Source: my.oschina.net/liughDevelop/blog/2236771

Organized by the Java technology stack

The content of the mind map is as follows:

1

Introduction and Application

Redis is a high-performance, network-enabled, persistent K-K in-memory database written in ANSI C and provides multiple language apis. The commonly used types are String, List, Hash, Set, and ZSet.

 

Redis generally has the following applications in Internet companies:

  • String: cache, traffic limiting, counter, distributed lock, distributed Session

  • Hash: Stores user information, home page access volume, and combined query

  • List: timeline List and simple queue of followers on Weibo

  • Set: likes, clicks, tags, friends

  • Zset: Leaderboards

Another example is that e-commerce will use some special designs to ensure the stability of the system during big promotions. The following designs can be considered for inventory reduction:

In the figure above, the inventory is directly deducted in Redis, and then the log is recorded and synchronized to the database through the Worker. The problems of concurrent processing and repeated processing need to be considered when designing the synchronization Worker.

It can be seen from the above application scenarios that Redis is very efficient and stable. How is the bottom layer of Redis realized?

2

Redis object redisObject

When we execute the set Hello world command, we have the following data model:

                          

  • DictEntry: Redis assigns a dictEntry to each key-value pair, in which there are Pointers to key and val, and next points to the next dictEntry to form a linked list. This pointer can link together multiple key-value pairs with the same hash value to solve the hash conflict problem (chained address method).

  • SDS: Key “Hello” is stored in SDS (simple dynamic string), as described later.

  • RedisObject: The value val “world” is stored in redisObject. In fact, redis usually stores all 5 types as redisObject; The Type field in redisObject specifies the type of the Value object, and the PTR field points to the address of the object.

RedisObject is very important. The types, internal encoding, memory reclamation, shared objects and other functions of Redis objects need to be supported by redisObject. The advantage of this design is that different data structure implementations can be set for different usage scenarios of the five common types, so as to optimize the use efficiency of objects in different scenarios.

Both dictEntry objects, redisobjects and SDS require a memory allocator (such as Jemalloc) to allocate memory for storage. Jemalloc, the default memory allocator for Redis, does a relatively good job of reducing memory fragmentation.

For example, jemalloc divides the memory space into three ranges: small, large and huge in 64-bit system. Each range is divided into many small memory block units; When Redis stores data, it selects the most appropriate memory block for storage.

As mentioned earlier, each Redis object is represented by a redisObject structure whose PTR pointer points to the underlying implementation’s data structure, which is determined by the Encoding property. For example, we get the encoding to store “hello” by executing the following command:

All redis data structures are of the following type (important, used later) :

3

String

The underlying implementations of string objects can be int, RAW, or embstr (the table above should be named). Embstr encoding allocates a contiguous block of space by calling the memory allocation function once, whereas RAW requires two calls.

Int encoding string objects and EMbstr encoding string objects are converted to raw encoding string objects under certain conditions. Embstr: a string of <=39 bytes. Int: a long integer of 8 bytes.
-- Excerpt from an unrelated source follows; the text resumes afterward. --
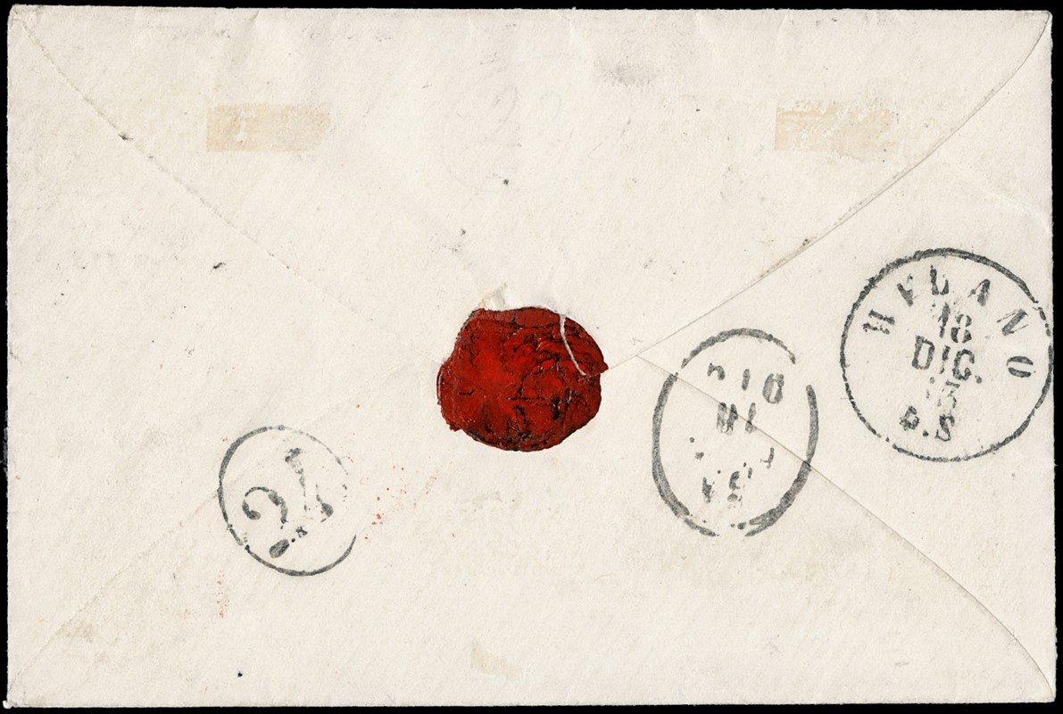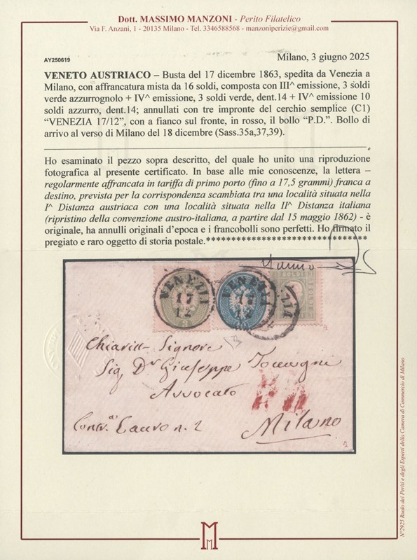 1862 - III emissione 3s verde giallo con IV emissione 3s verde e 10s azzurro da 'VENEZIA 17/12' a Milano. Splendida tricolore con valori gemelli testine e aquilette. Firma E.Diena, CF Manzoni (Sassone 35+37+39 - Euro -)

Raw: The string contains more than 39 bytes.

Simple dynamic strings (SDS), which are more like C++ strings or Java ArrayList<Character>, are dynamically variable in length:

Struct SDSHDR {// buf length int len; // The length of the free space in buf int free; // Data space char buf[]; // '\0' null-terminated};Copy the code

     

  • The get: sdsrange – O (n)

  • Set: sdscpy – O (n)

  • Create: sdsnew – O (1)

  • Len: sdslen – O (1)

Constant complexity to get string length: Because SDS records the length in the len attribute, the time complexity to get an SDS length is only O(1).
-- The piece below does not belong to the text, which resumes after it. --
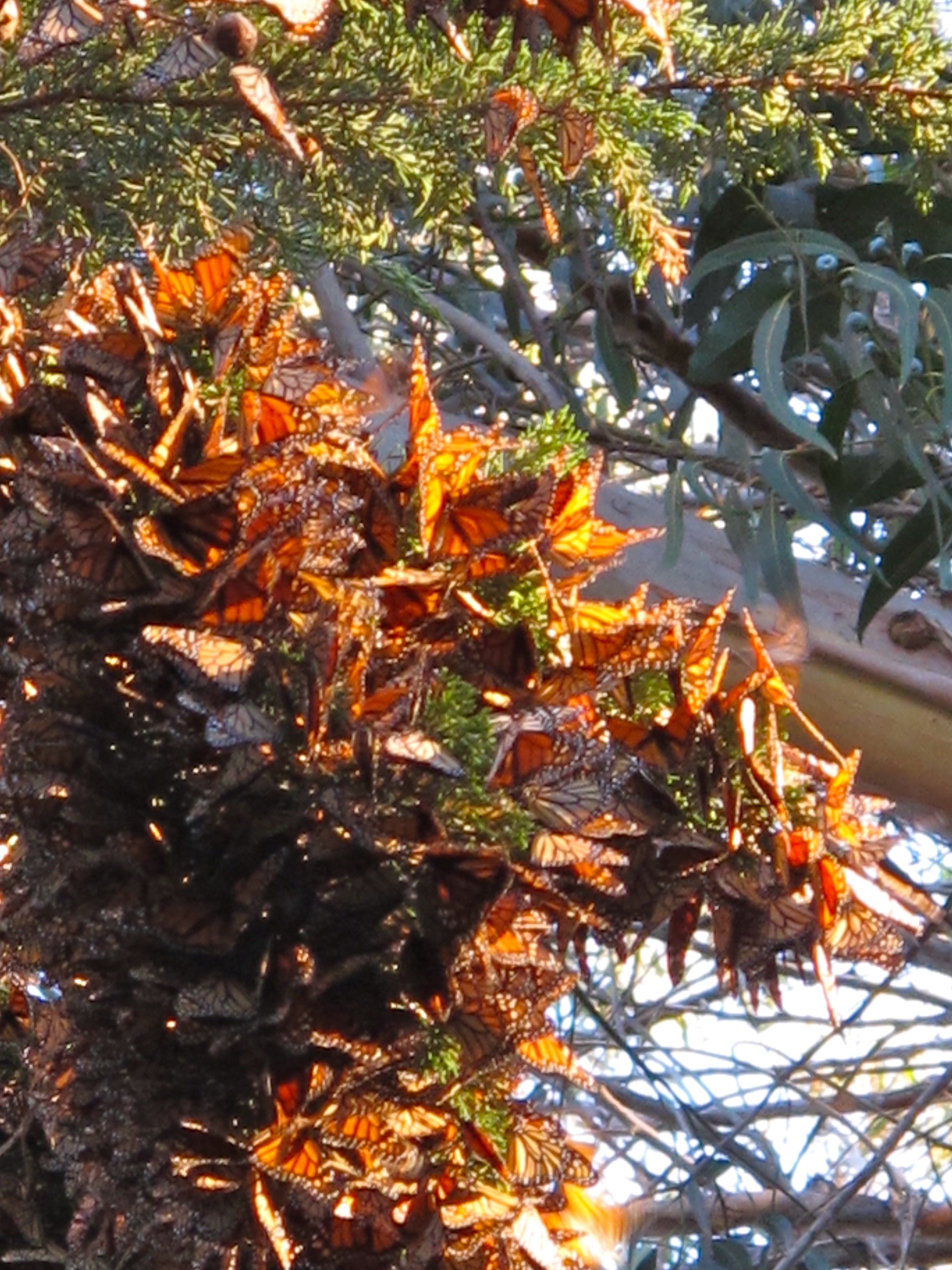 We can’t pretend to be suave about it. Steve and I have been tourists here like all the vacationers who crowd our San Juan Islands in summer. Now it’s our turn to gawk and marvel. We stared so long at 28,000 Monarchs fluttering and clustering for the night in the long rays of the setting sun that my neck took awhile to work out the resulting spasm. A small patch of 800-year-old live oaks, huge and twisted and gorgeous, gave us a hint of how California used to look.

Prespace allocation: If an SDS is modified, there are two cases:

  • If the SDS length (len) is less than 1MB, the program allocates the same amount of unused space as len, in which case free and len have the same value. For example, if len of SDS becomes 15 bytes, the program allocates 15 bytes of unused space, and the actual length of the BUF array of SDS becomes 15+15+1=31 bytes (an extra byte for the user-saved null character).

  • SDS length (len value) is greater than or equal to 1MB, the program allocates 1MB of unused space. For example, after modification, len of SDS is 30MB, then its actual length is 30MB+1MB+1byte.
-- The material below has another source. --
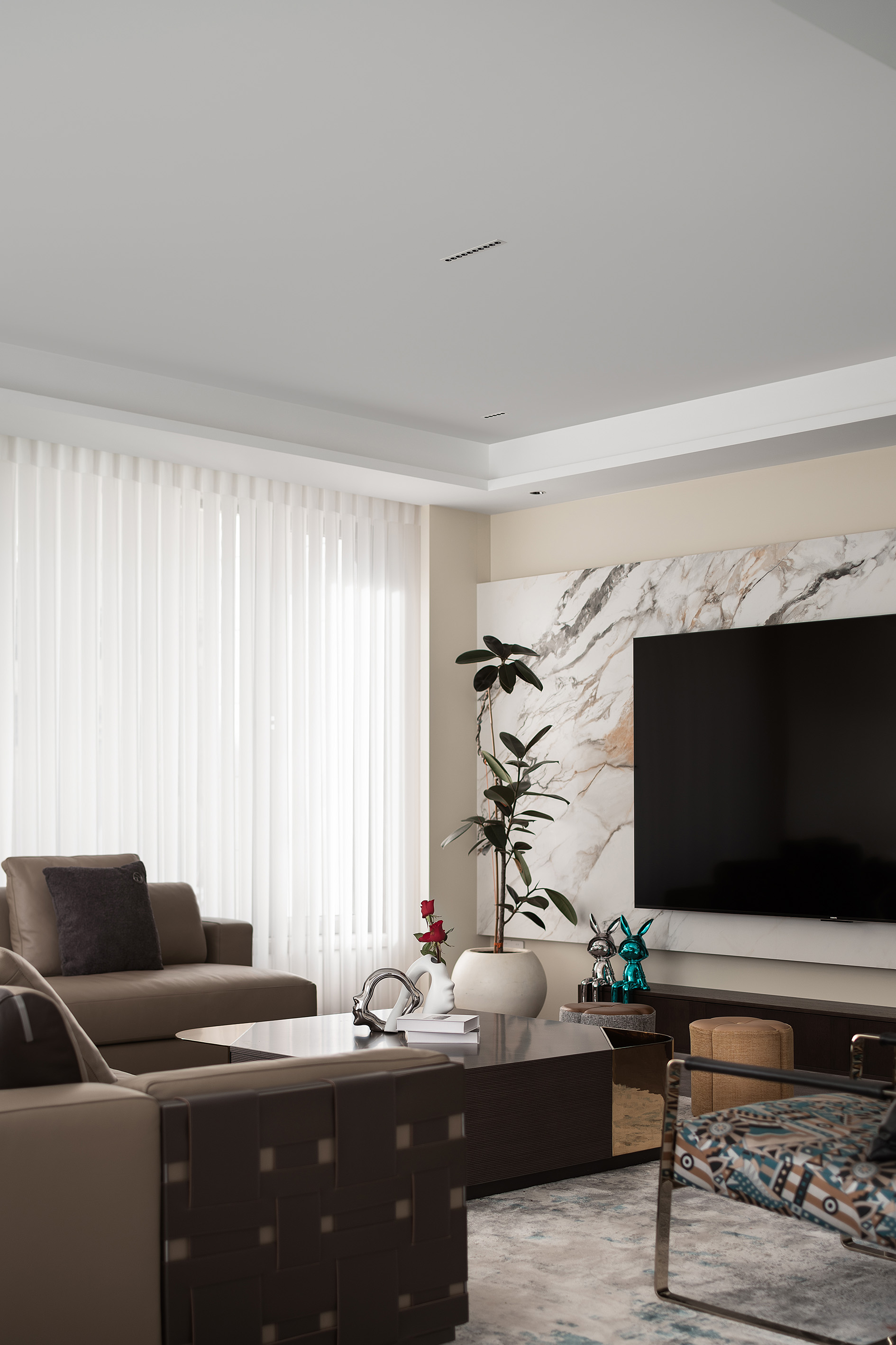 空间意境:通过材质碰撞、功能叠合与自然光影的引导,塑造兼具社交活力与静谧质感的轻奢自然居所,满足现代家庭多元化的生活场景需求。

Lazy free space: When SDSTRIm is executed, SDS does not immediately free the extra space. The next time the string is concatenated and the concatenated space is not as large as the free space, the unused space will be used. Memory reallocation operations that operate on strings in certain cases are avoided by lazy free space.

Avoid buffer overflow: When using C string operation, if the string length increases (such as strcat operation) and forget to reallocate memory, it is easy to cause buffer overflow; SDS, on the other hand, because it records the length, automatically reallocates the memory when the corresponding operation may cause buffer overflow, eliminating buffer overflow.

4

List

The underlying implementation of List objects is quicklist (a quicklist, a combination of ziplist compressed lists and linkedlist double-ended lists). Lists in Redis support both insertion and pop-up, and can obtain elements in a specified position (or range), which can act as arrays, queues, stacks, and so on.

Typedef struct listNode {// struct listNode *prev; Struct listNode *next; Void *value; } listNode; Typedef struct list {// listNode *head; // listNode *tail; Void *(*dup)(void * PTR); Void (*free)(void * PTR); Int (*match)(void * PTR, void *key); Unsigned long len; } list;Copy the code

    

  • rpush: listAddNodeHead —O(1)

  • lpush: listAddNodeTail —O(1)

  • push:listInsertNode —O(1)

  • index : listIndex —O(N)

  • pop:ListFirst/listLast —O(1)

  • llen:listLength —O(N)

4.1 LinkedList

This structure is more like a Java LinkedList, you can read the source code if you are interested.

     

As can be seen from the figure, Redis’ linkedList has the following features: The nodes have prev, next, head and tail Pointers, and the complexity of acquiring the front node, the back node, the head node and the tail node is O (1). The len attribute also gets the number of nodes is O (1).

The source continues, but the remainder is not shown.